Почему же Юдит — во всех отношениях дитя цивилизации и выходец из семьи, для которой, несмотря на перенесенные ею политические, как утверждалось, преследования, все, олицетворяющее цивилизованность, ставилось превыше всего, — оказавшись здесь, в деревне, так сильно привязывалась ко всему, что олицетворяло природу? Это оставалось для меня загадкой, прежде всего потому, что Юдит беспрестанно хныкала: дескать, зверье только пожирает дорогое отведенное для творчества время — то есть категорию, занимавшую в приоритетах Юдит место куда более высокое, нежели упомянутые четвероногие твари.

По-видимому, у нее имелся особый код доступа в самые различные миры, и она без особых усилий вживалась в каждый из них. Исключением оставалось лишь искусство, это было воистину священное мерило. Иногда ненависть Юдит ко всему, что, по ее мнению, шло вразрез с искусством, принимала ветхозаветные черты, что в столь юной особе выглядело забавно. Почта вызывала ее нарекания за ужасный рисунок почтовых марок. Явно сбитому с толку старосте деревни Юдит досконально растолковала, почему следует снести только что построенный новомодный колодец — он, видите ли, не гармонирует с домами на центральной площади. Владелец табачной лавки получил нагоняй за безвкусно оформленную витрину. Отправив старые образцы в урну, Юдит вместо них собственноручно инсталлировала новые — владелец был настолько шокирован, что даже почти и не возражал против столь бесцеремонного вмешательства в бизнес.

Юдит была свято убеждена, что люди обретают право называть себя людьми лишь при условии, что жизнь их протекает в окружении красивых вещей. А вот какие из них могут считаться красивыми, это уж определять ей. Я готов был согласиться, что колодец в стиле «техно», мягко говоря, никудышно сочетался с кирпичными стенами домов, что самые ходовые почтовые марки Франции вряд ли могут претендовать на шедевр и что крохотная витринка мсье Обрийе не способна навести на мысль о прекрасном.

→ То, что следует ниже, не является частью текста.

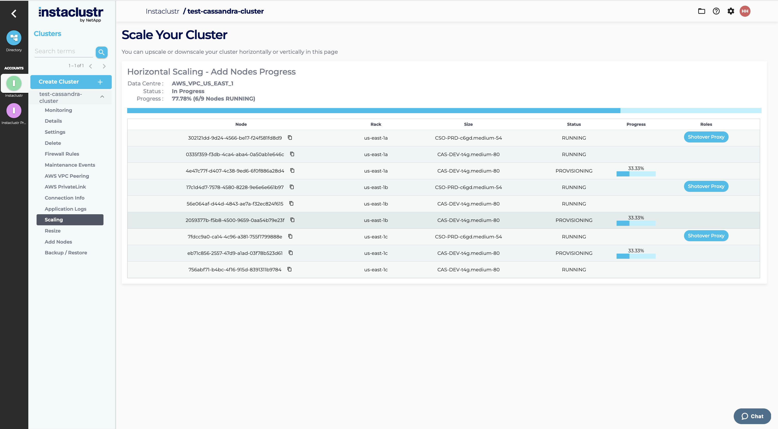 Note: To ensure consistent stability and performance, Instaclustr support will verify the health of your cluster before provisioning additional nodes. We aim to start this process within one business day and will contact you to confirm when these additional nodes have been provisioned. - While a resize is in progress, the scaling page will display the progress of the resize. You will see individual nodes switch statuses as they progress through the scaling process.
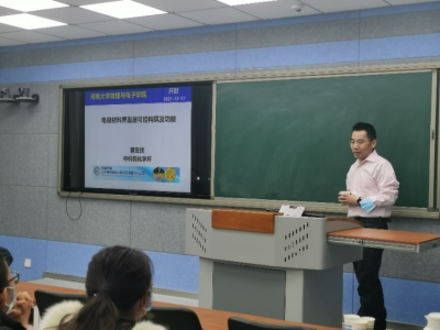 高比能量、高安全的电化学储能技术是清洁能源发展的重要方向,电极材料的稳定性和电池的安全性成为储能器件大规模应用的关键,电极材料表面结构及功能对电池的稳定性、安全性具有决定性影响。曹安民研究员聚焦正极材料表面副反应及结构退化问题,介绍了课题组近年来在电极材料的表面层结构精准调控方面的系列研究工作,探讨了电极材料的稳定机制及稳定途径,构筑了具有大规模应用前景的高比能体系表面层。本次报告深入浅出,极大地拓宽了与会师生的眼界。在精彩的报告结束后,参会的老师和同学们与曹老师积极互动,曹老师对相关问题做了认真的解答,与会师生获益匪浅,对电极材料表面层的可控构筑有了全面、深入的了解。

Меня озадачивала полнейшая нетерпимость, с которой Юдит стояла на своем. Здесь природа, о ней следует не забывать никогда, мы обязаны считаться с ней, принимать ее во внимание и оберегать от посягательств, там — превращенное в религию искусство, его обрядовость должна соблюдаться неукоснительно. Мы совершили по отношению к мсье Обрийе акт спасения, утверждала Юдит, а владелец табачной лавчонки тем временем с кислым видом обозревал свою порядком опустевшую витрину. Желал ли бедняга спасения, Юдит уже не интересовало, равно как и то, что теперь кое-кто из постоянных покупателей, до сей поры чувствовавших себя комфортно в его темной клетушке, возьмет да и перекинется на супермаркет.

Тот, кто носит в себе столь взаимоисключающие тенденции, должен быть мастером по части перевоплощений. Возможно, эта девушка до сих пор так и не разобралась в своем характере. Или же передо мной решили представить все маски враз, чтобы я мог выбрать наиболее мне подходящую и признать ее раз и навсегда?

Я предпочитал помалкивать.

До сих пор я ощущал лишь одно чувство внутри себя — пустоту, приятную ласкающую тело пустоту, некое лишенное обстановки пространство, на котором можно было соорудить что угодно, дайте только время. Юдит своими многообразнейшими интересами, заботами обо всех и вся, своими склонностями и привязанностями сумела дать в известной степени верное представление о себе, и отныне у меня уже не оставалось сомнений, что передо мной тип женщины, агрессивно противопоставляющей себя любому, кто попытается претендовать на самостоятельность. Так и возникали смешения, накладки, неадекватные взрывы чувств, нередко весьма досадные.

Досадные в первую очередь для меня, но и для нее тоже.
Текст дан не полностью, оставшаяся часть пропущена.